• Task instructions:
Only the pictures are to be omitted; everything else in the listing must be reproduced exactly.

• Available data:
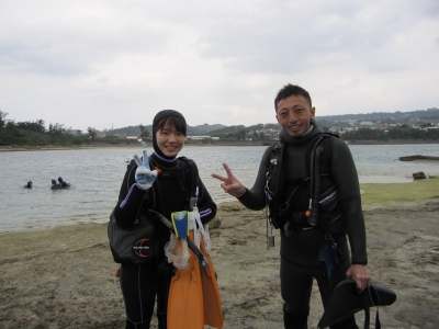 JUGEMテーマ:ダイビング 天気: くもり気温: 15℃ 水温: 19℃風向: 北西 波高: 5〜6mスーツ 冬用いや〜今日は北風が非常に強く寒い一日となりました(;O;)講習場の奥武島でも、「寒い〜!」という言葉が飛び交ってました・・そんな今日はリピーターのKさんのご紹介で、元気なSちゃんがライセンス取得に来てくれましたよ(*^^)v陸上は辛かったですが・・・初めての水中世界に感動してくれましたSちゃん寒い中、水中や水面でのスキル練習をとっても頑張ってくれました!まさに今日は修行でしたね・・・明日は...
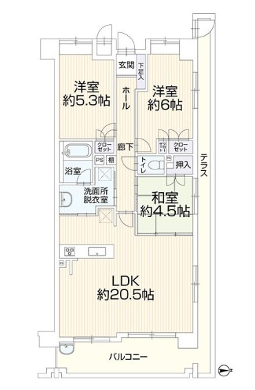 間取内容 洋室6畳 洋室5.3畳 LDK20.5畳 和室4.5畳
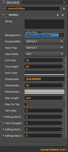 界面上有几个EditBox组件,拖出来时默认大小是W160,H40,修改为自定义WH,保存。
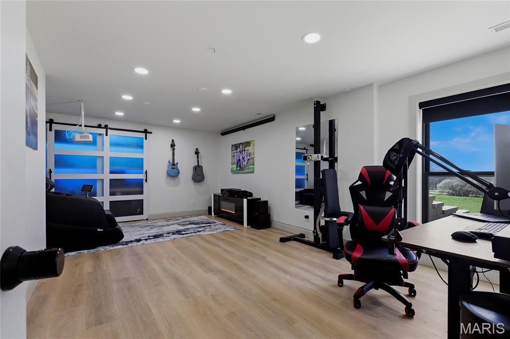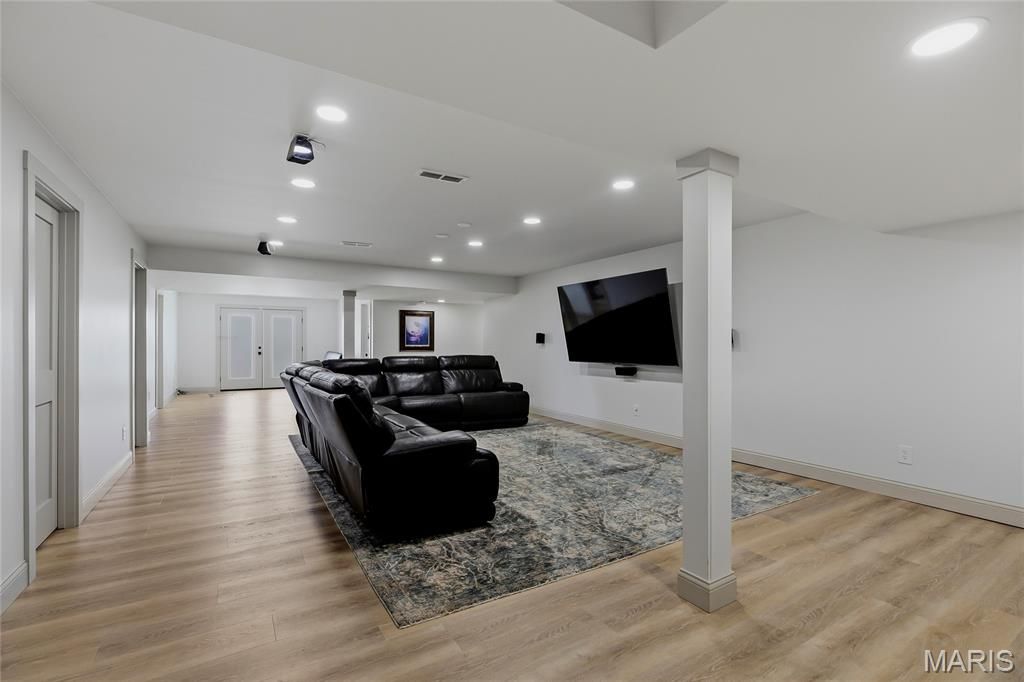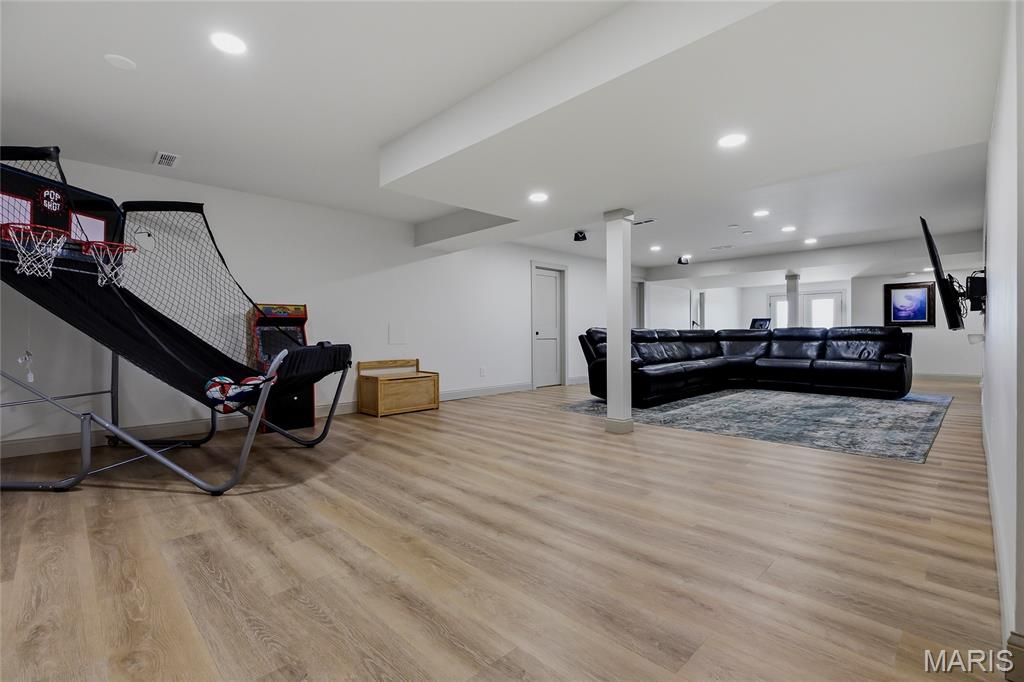 The walkout lower level was finished in 2023 and boasts a huge recreation room which is wired for surround sound and has a plumbing rough in to add a wet bar, a game/entertainment area, an office, spa/storage room, 2 additional bedrooms, new full bathroom (2026), and ample storage space. The lower level offers a bright, airy feel with abundant natural light.

• Result:
 JUGEMテーマ:ダイビング 天気: くもり気温: 15℃ 水温: 19℃風向: 北西 波高: 5〜6mスーツ 冬用いや〜今日は北風が非常に強く寒い一日となりました(;O;)講習場の奥武島でも、「寒い〜!」という言葉が飛び交ってました・・そんな今日はリピーターのKさんのご紹介で、元気なSちゃんがライセンス取得に来てくれましたよ(*^^)v陸上は辛かったですが・・・初めての水中世界に感動してくれましたSちゃん寒い中、水中や水面でのスキル練習をとっても頑張ってくれました!まさに今日は修行でしたね・・・明日は...
 間取内容 洋室6畳 洋室5.3畳 LDK20.5畳 和室4.5畳
 界面上有几个EditBox组件,拖出来时默认大小是W160,H40,修改为自定义WH,保存。
 The walkout lower level was finished in 2023 and boasts a huge recreation room which is wired for surround sound and has a plumbing rough in to add a wet bar, a game/entertainment area, an office, spa/storage room, 2 additional bedrooms, new full bathroom (2026), and ample storage space. The lower level offers a bright, airy feel with abundant natural light.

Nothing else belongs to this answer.